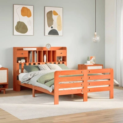Bookcase Bed without Mattress Wax Brown 140x190 cm Solid Wood Pine vidaXL
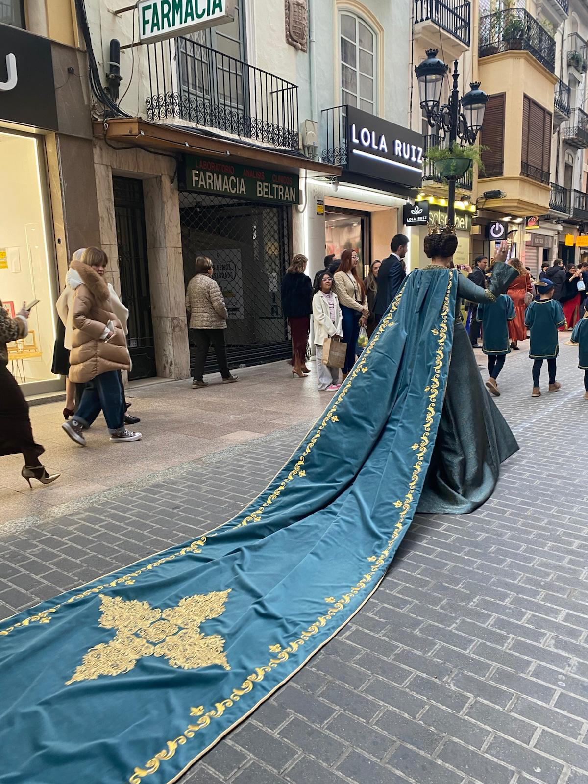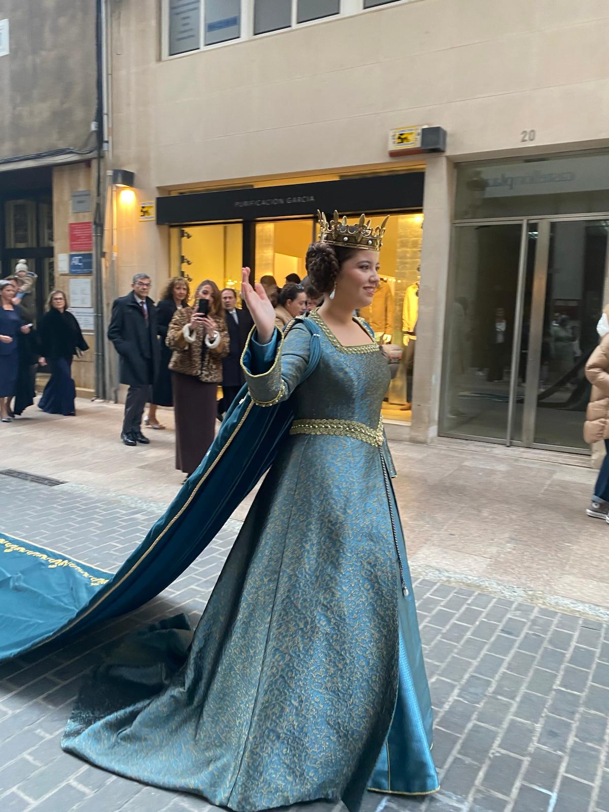 El diseño del traje, en tonos de azul, marca una silueta sencilla y sobria que realza aún más la espectacularidad de la capa. Con peinado clásico de la época y corona, Victoria , Na Violant 2026, ha desfilado ante la curiosidad de quienes la aplaudían y la acompañarán en este acto tan esperado de la proclamación.
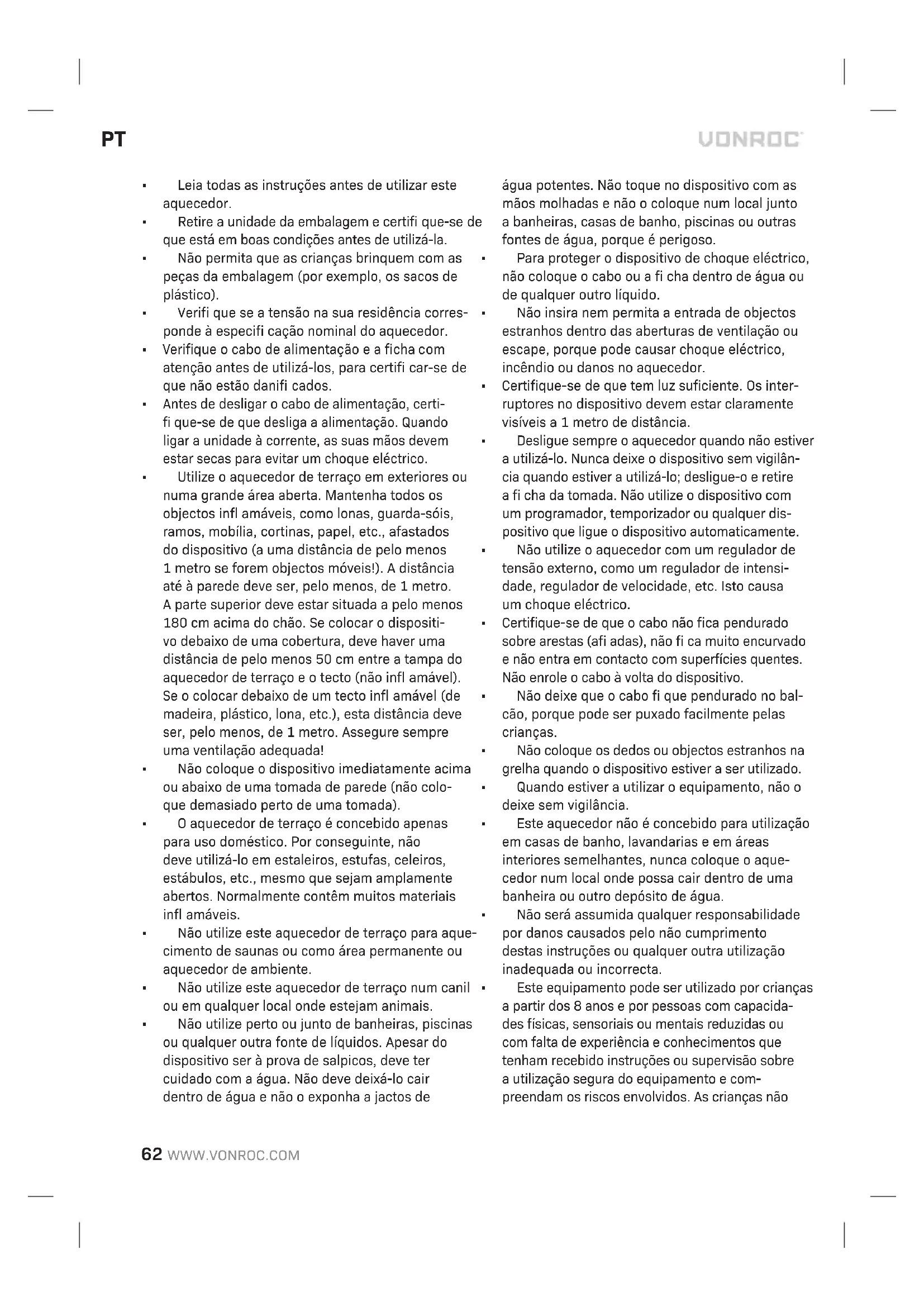 LEIA COM ATENÇÃO: o aquecedor por infraverme- lhos é concebido para um funcionamento seguro. Não obstante, a instalação, a manutenção e funcionamento do aquecedor podem ser perigo- sas. Ocumprimento dos seguintes procedimentos reduz o risco de incêndio, choque eléctrico, feri- mentos em pessoas e mantém um período mínimo de instalação. Guarde estas instruções para uma utilização futura.PT

──────

What is required
When you reproduce the data shown above, keep each line exact and omit every picture.

Expected output
Bookcase Bed without Mattress Wax Brown 140x190 cm Solid Wood Pine vidaXL
 El diseño del traje, en tonos de azul, marca una silueta sencilla y sobria que realza aún más la espectacularidad de la capa. Con peinado clásico de la época y corona, Victoria , Na Violant 2026, ha desfilado ante la curiosidad de quienes la aplaudían y la acompañarán en este acto tan esperado de la proclamación.
 LEIA COM ATENÇÃO: o aquecedor por infraverme- lhos é concebido para um funcionamento seguro. Não obstante, a instalação, a manutenção e funcionamento do aquecedor podem ser perigo- sas. Ocumprimento dos seguintes procedimentos reduz o risco de incêndio, choque eléctrico, feri- mentos em pessoas e mantém um período mínimo de instalação. Guarde estas instruções para uma utilização futura.PT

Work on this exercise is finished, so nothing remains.